This is where a trainer is going to be valuable for you; learning what is the best way to introduce a scary stimulus to your filly and make it a successful one. 



Saucy12 said:


> But when she had enough of her "bath" she started spinning trying to kick me, rearing up and pushing into me.


As I mentioned above, there is a fine line for when you should MAKE a horse tolerate what you are doing to them, and when you have blown their mind because they've had too much. 

Maybe in that case you SHOULD have made her stand nice. Or maybe her mind was already blown 5 minutes before that and you did not recognize it.



Saucy12 said:


> She is strong so it took all I had to keep her off me and get her calmed down.


Ground work is going to be vital for you because it is going to teach this filly how to give to pressure. 

You will never win a pulling match with a horse (even a yearling). They need to learn to respect you and give to you.


Good luck. Keep us posted.


----------



## loosie (Jun 19, 2008)

Saddlebag said:


> When we say the horse needs to think we are going to kill it, it's really about making the horse understand that it's overstepped it's bounds and that it's could be in big trouble.
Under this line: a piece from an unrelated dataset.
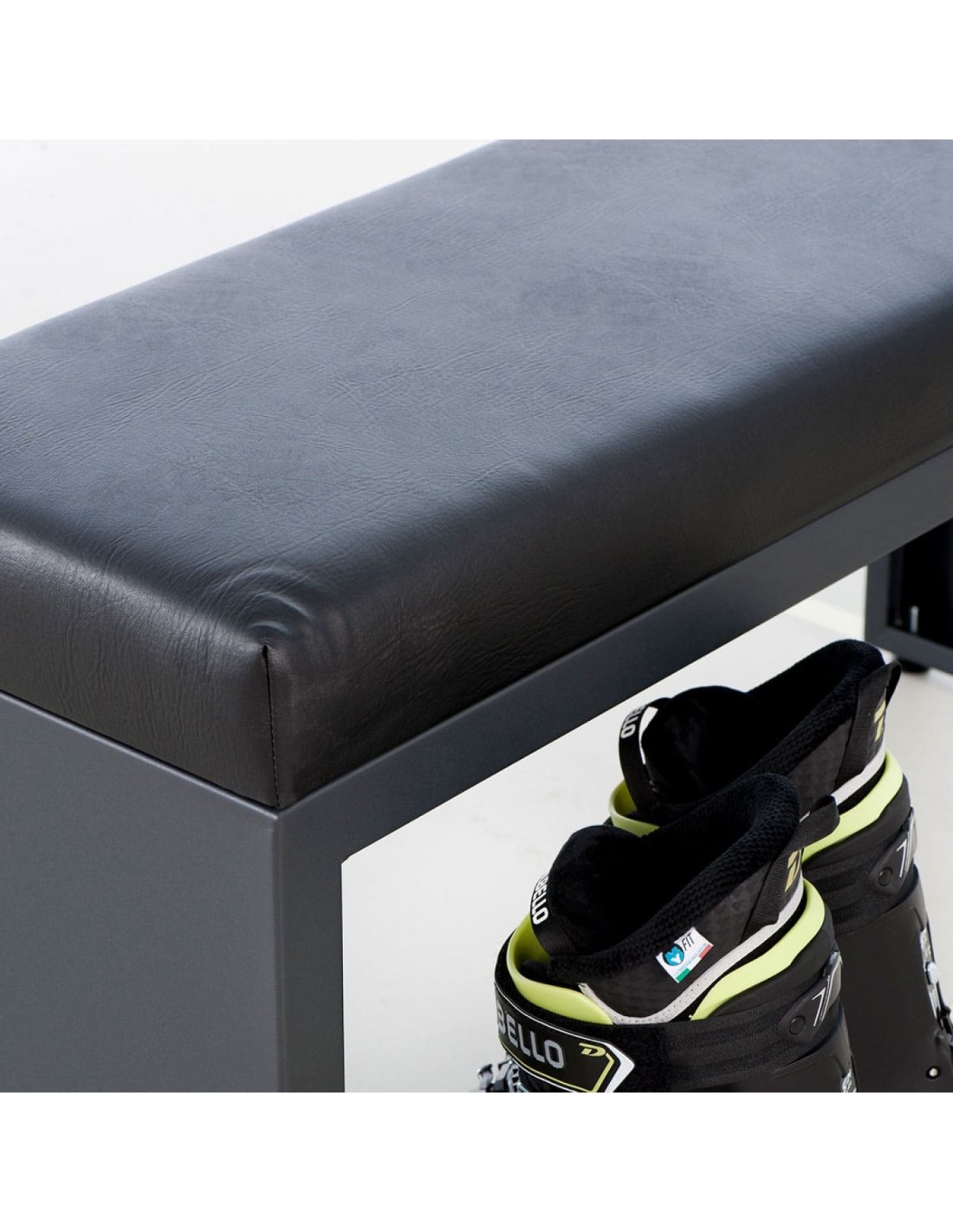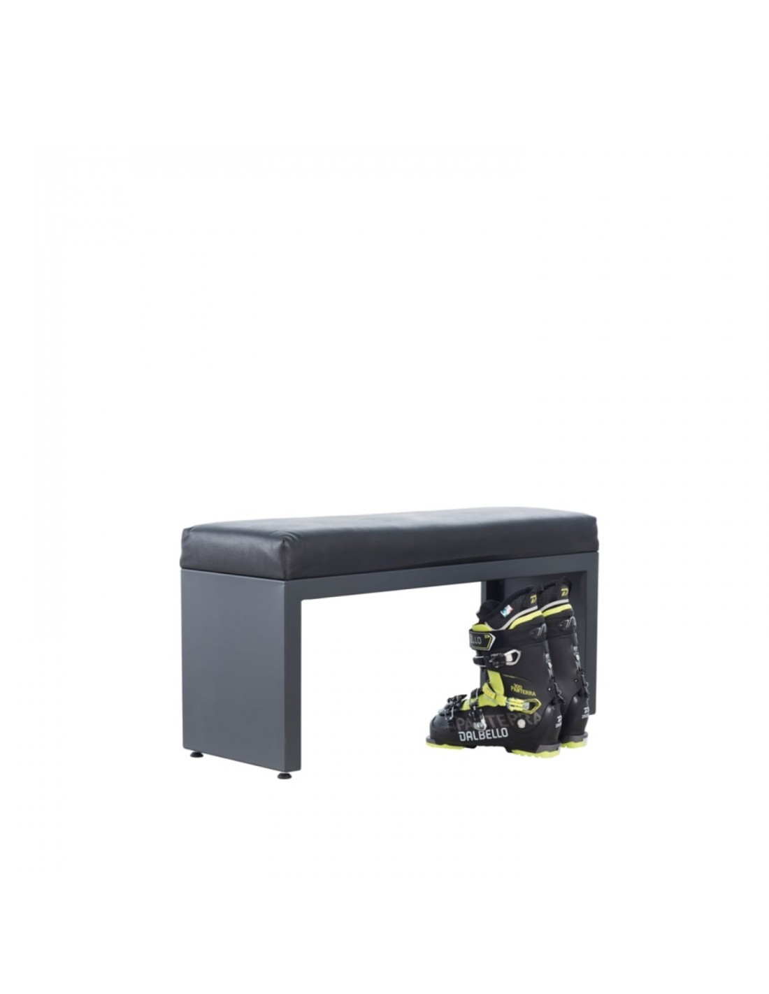 Construcția băncii este alcătuită dintr-o unitate de bază solidă și un scaun acoperit cu piele sintetică neagră. Unitatea de bază este realizată din oțel cu grosimea de 1,5 mm. Picioarele cu înălțime reglabilă, pe care stă banca, permit nivelarea corectă a acesteia la podea. Scaunul este moale si confortabil, iar invelisul din piele este caracterizat de rezistenta ridicata la deteriorare si uzura. Banca face parte din echipamentul de bază al oricărei închirieri sau depozit de schiuri, precum și al serviciului de schi și al magazinelor de sport.

Yeah, I don't disagree with it 'metaphorically speaking', just that many people take that kind of thing more literally & also don't consider the reason for the behaviour. I think if you don't understand why/when/why not, you can easily end up with a more confused, frightened & more reactive horse.


----------



## loosie (Jun 19, 2008)

^Double like

To Beau, I don't mean my own!


----------



## oh vair oh (Mar 27, 2012)

Ground control will help lower the intensity of the "done" behavior, if you find yourself at that point. If my young horse needs to move her feet, I hurry her up and get her to move her feet until she decides standing was probably the better option. Usually if she knows she is allowed to move, and can, she won't. But if she knows she absolutely cannot move, and needs to, then you have a blow up where they feel they need to take you out to get free. If my horse is uncomfortable and needs to move her feet and does it in a safe and respectable way then comes right back to me, I have no problem with that. That amount of time will gradually get shorter and shorter as she gains confidence. And that confidence has saved my butt a couple times during spooky situations where her natural reaction has changed to simply skirting around me and yielding, instead of running me over or jumping on me. And by then she's cool. Gradually even that whittles down to where she spooks less often and smaller. If you give them direction and an outlet to go, it feels like it works better psychologically than forcefully.
_Posted via Mobile Device_


----------



## SueC (Feb 22, 2014)

For anyone interested in gentle training methods that are incredibly effective, take a look at this:

Augustus the Mustang | Adventures of Augustus the Mustang

This HF member has only had her wild horse for two months and she has made extraordinary progress in a very short time. _Everything_ she does with her horse is calm and unhurried, and the relationship and cooperation between these two make them a joy to watch. They play all sorts of games and trick train, and Augustus is now lying down on request and letting her sit on him in that position. She also covers training to hose, spook-proofing around power tools, umbrellas etc, all sorts of useful things. There are many clips on this blog and it's worth going back to the first entry and coming forward chronologically to see it all in sequence. I've had some long chats with this trainer and her training ethos is very similar to loosie's or mine. A key difference in practical terms is that I've never extensively trick trained before, but her blog inspires me to try it!


----------



## BlueSpark (Feb 22, 2012)

> She has never purposefully tried to hurt me. It's just when she is "done" with something or scared of doing something that she gets that way.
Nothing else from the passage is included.